Tweet about rape threats as proof that rape is typically about power rather than sex & self-controlNotice how this one generated only about 1/5 of the interest that the tweet about boys’ struggles did? And notice how it’s about a physically, sexually and psychologically violent problem that is a daily destroyer of lives and crusher of spirits the world over (mostly for women, girls and trans* people, though of course men and boys are affected as well)? I know that other factors influence the popularity of a tweet, such as topicality, novelty, compelling multimedia (like, say, a picture) or even timing. But I still feel the disparity is also illustrative of how our society prioritizes the problems of men and boys.
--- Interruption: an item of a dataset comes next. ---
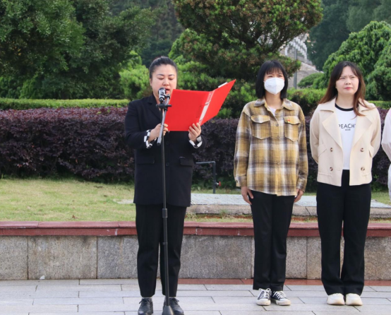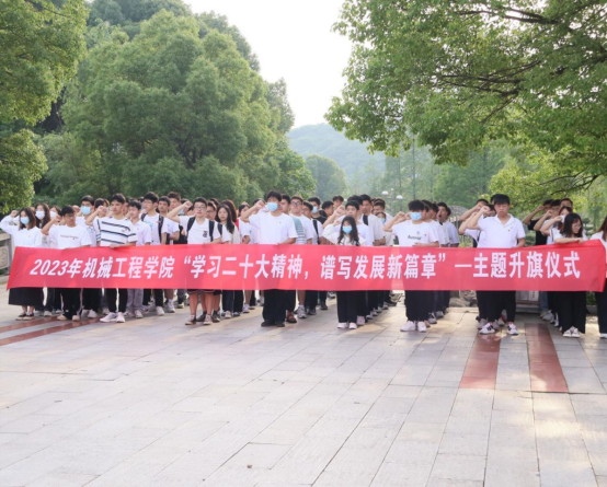 为推动学习贯彻习近平新时代中国特色社会主义思想主题教育走深走实,牢牢把握“学思想,强党性,重实践,建新功”的总要求,激励beat365英国官方网站全体师生,以焕然一新的面貌、昂扬奋进的姿态开启新征程、做出新成就,5月15日清晨,beat365英国官方网站在主校区知行广场举行以“学习党的二十大精神,谱写发展新篇章”为主题的升旗仪式。学院学办主任曾依依、全体辅导员、学生党员、学生干部及2022级新生参加。仪式由党务专干刘珈黎主持。

It’s especially frustrating because, when it comes to the problems faced by men and boys, many feminists are highly engaged in pushing for social change. A lot of the people who retweeted my picture had the word “feminist” in their Twitter bios. We care. It seems that folks who are perhaps more apathetic about gender issues have a propensity to get teary and “we’ve gotta DO something”-y about the pressure boys live under. That’s good. We should do something. It’d just be nice to have those people on our side when we talk about the pressure, pain and ambient threat many women and trans* people live with daily.

I do not think this is a “boys vs. girls” issue, which at least one commenter will probably argue. First of all, that’s a binary understanding of the problem, and second, the issues all genders face are intertwined – they’re part of the same violent system of power. So let’s get incensed, let’s feel pain, and let’s do something about the challenges we all face.